A provider who has satisfied these controls has done what the AI-DSF requires. The presumption of non-negligence appropriately follows. A plaintiff who can demonstrate that the provider knew of a specific risk, that the relevant control was designed to address that risk, and that the provider failed to implement or maintain that control can overcome the presumption. But the burden shifts. And that shift is precisely the incentive the SSL ecosystem currently lacks.

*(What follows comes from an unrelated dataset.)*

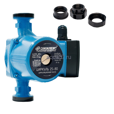 Циркуляционный насос Джилекс Циркуль 25/80 предназначен для циркуляции воды или теплоносителя в системах отопления с присоединительным размером гайки 1 дюйм (25 мм) и максимальным напором 8 метров (80 дм).

This structure mirrors the EU AI Act’s conformity assessment mechanism and the NIST AI RMF’s risk tiering, without requiring comprehensive regulatory adoption. Courts can develop the framework through common law without waiting for legislation. The AI-DSF already exists as a documented standard. Its controls are specific and auditable. The doctrinal infrastructure for a negligence per se argument, or at minimum a strong res ipsa inference, is available to courts willing to engage with it.

Closing the Pipeline Gap

Output-only AI regulation will fail. A framework that holds deployers liable for what models say, without addressing what models are, treats the symptom while leaving the pathology unexamined. Every harmful output emerges from a representational substrate that was formed in the SSL phase, before any deployer or fine-tuner made a single decision.

The SSL phase is where the model is made. It is where foundational decisions about data, representation, and structure determine everything that follows. A liability framework that reaches this phase is  more complete and more accurate about where the decisions actually occur and who actually makes them.

The global AI oversight conversation has focused on output monitoring, transparency requirements for deployers, and consumer-facing disclosure. These are insufficient. The AI Data Stewardship Framework provides the tools to extend that conversation upstream, to the moment when raw data becomes latent representation and the structural properties of AI systems are cast.